▸ Provided material:
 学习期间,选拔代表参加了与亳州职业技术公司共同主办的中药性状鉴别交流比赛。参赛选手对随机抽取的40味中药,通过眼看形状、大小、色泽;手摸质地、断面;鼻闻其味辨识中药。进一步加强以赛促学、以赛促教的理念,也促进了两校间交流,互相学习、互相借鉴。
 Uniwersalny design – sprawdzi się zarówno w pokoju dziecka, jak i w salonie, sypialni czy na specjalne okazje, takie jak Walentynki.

...

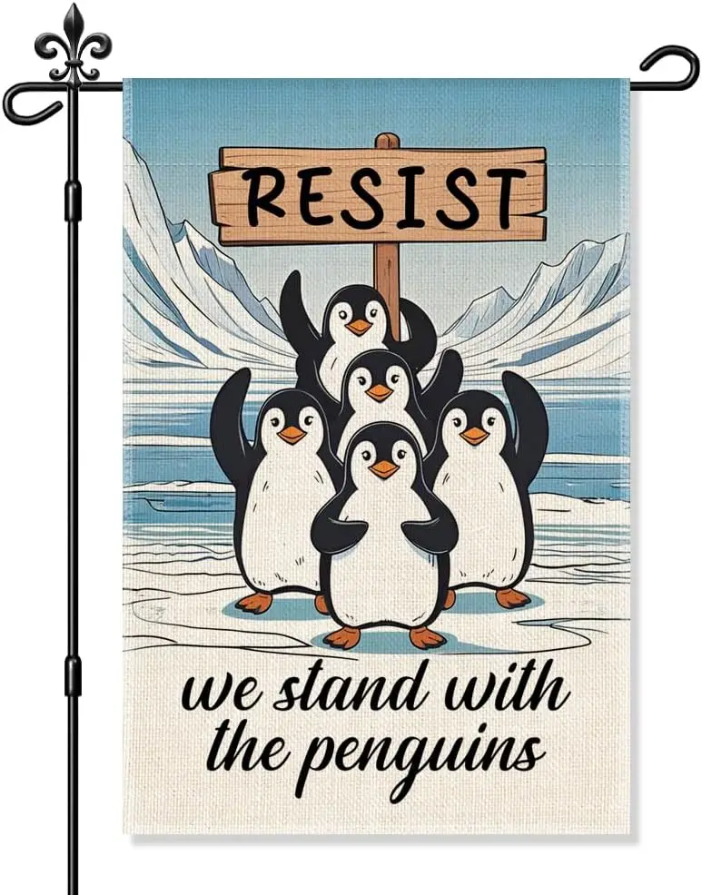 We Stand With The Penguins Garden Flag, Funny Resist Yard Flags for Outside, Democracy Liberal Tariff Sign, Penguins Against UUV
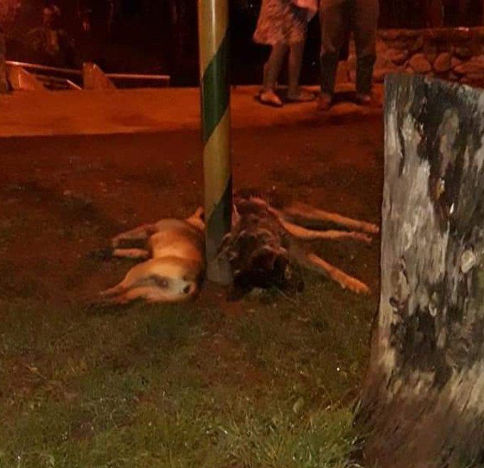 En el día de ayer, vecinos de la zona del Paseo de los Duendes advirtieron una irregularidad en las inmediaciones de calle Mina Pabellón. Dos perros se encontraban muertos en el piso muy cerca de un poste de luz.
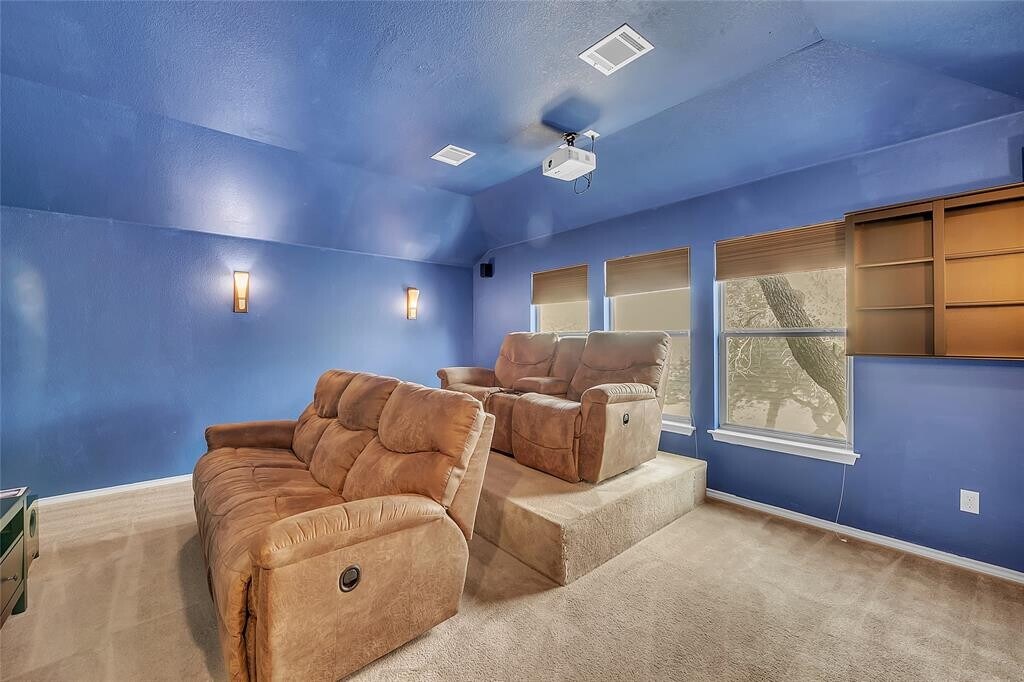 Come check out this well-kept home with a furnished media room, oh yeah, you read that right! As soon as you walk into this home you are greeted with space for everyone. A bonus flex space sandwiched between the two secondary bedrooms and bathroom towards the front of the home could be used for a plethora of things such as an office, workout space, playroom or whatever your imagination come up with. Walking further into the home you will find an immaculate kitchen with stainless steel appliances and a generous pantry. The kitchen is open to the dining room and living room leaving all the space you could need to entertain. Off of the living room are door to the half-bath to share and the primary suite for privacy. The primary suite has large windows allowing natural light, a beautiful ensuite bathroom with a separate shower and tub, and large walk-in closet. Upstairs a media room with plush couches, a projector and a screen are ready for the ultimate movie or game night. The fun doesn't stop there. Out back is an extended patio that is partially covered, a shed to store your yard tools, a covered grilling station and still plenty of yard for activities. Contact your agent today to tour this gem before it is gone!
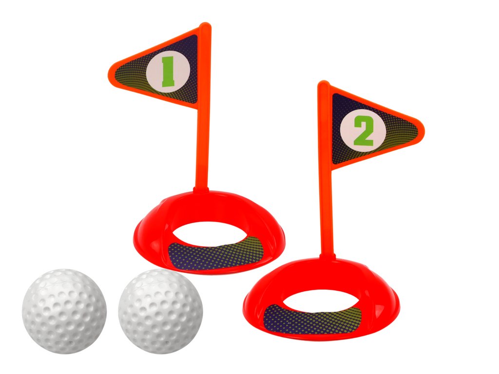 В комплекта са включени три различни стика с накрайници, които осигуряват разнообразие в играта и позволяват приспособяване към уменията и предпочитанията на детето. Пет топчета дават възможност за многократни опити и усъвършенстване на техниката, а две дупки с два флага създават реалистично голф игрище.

--

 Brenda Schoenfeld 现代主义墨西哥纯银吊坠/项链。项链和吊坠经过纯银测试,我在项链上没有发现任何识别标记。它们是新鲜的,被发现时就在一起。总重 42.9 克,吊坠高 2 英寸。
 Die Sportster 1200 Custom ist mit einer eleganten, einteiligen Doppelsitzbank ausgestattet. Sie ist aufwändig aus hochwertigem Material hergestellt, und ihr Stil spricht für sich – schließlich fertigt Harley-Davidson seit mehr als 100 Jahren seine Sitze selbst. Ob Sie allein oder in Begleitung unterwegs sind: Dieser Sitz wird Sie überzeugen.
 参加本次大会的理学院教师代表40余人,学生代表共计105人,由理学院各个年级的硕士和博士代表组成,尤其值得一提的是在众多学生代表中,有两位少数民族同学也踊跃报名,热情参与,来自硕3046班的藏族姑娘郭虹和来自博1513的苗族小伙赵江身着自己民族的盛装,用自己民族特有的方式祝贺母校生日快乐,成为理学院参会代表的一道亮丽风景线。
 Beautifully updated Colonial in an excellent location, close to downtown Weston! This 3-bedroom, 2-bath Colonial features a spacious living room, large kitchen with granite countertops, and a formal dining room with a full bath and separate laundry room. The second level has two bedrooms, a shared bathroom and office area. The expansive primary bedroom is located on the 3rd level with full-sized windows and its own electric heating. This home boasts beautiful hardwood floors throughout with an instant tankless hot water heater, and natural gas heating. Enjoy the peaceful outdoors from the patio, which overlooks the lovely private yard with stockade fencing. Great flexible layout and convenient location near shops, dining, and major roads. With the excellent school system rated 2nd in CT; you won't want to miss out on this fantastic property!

▸ Exercise brief: Please copy, exactly and with nothing else, the lines above beginning at the line that has "Die Sportster 1200" and ending with the line that has "Beautifully updated Colonial".

▸ Reply to the task:
 Die Sportster 1200 Custom ist mit einer eleganten, einteiligen Doppelsitzbank ausgestattet. Sie ist aufwändig aus hochwertigem Material hergestellt, und ihr Stil spricht für sich – schließlich fertigt Harley-Davidson seit mehr als 100 Jahren seine Sitze selbst. Ob Sie allein oder in Begleitung unterwegs sind: Dieser Sitz wird Sie überzeugen.
 参加本次大会的理学院教师代表40余人,学生代表共计105人,由理学院各个年级的硕士和博士代表组成,尤其值得一提的是在众多学生代表中,有两位少数民族同学也踊跃报名,热情参与,来自硕3046班的藏族姑娘郭虹和来自博1513的苗族小伙赵江身着自己民族的盛装,用自己民族特有的方式祝贺母校生日快乐,成为理学院参会代表的一道亮丽风景线。
 Beautifully updated Colonial in an excellent location, close to downtown Weston! This 3-bedroom, 2-bath Colonial features a spacious living room, large kitchen with granite countertops, and a formal dining room with a full bath and separate laundry room. The second level has two bedrooms, a shared bathroom and office area. The expansive primary bedroom is located on the 3rd level with full-sized windows and its own electric heating. This home boasts beautiful hardwood floors throughout with an instant tankless hot water heater, and natural gas heating. Enjoy the peaceful outdoors from the patio, which overlooks the lovely private yard with stockade fencing. Great flexible layout and convenient location near shops, dining, and major roads. With the excellent school system rated 2nd in CT; you won't want to miss out on this fantastic property!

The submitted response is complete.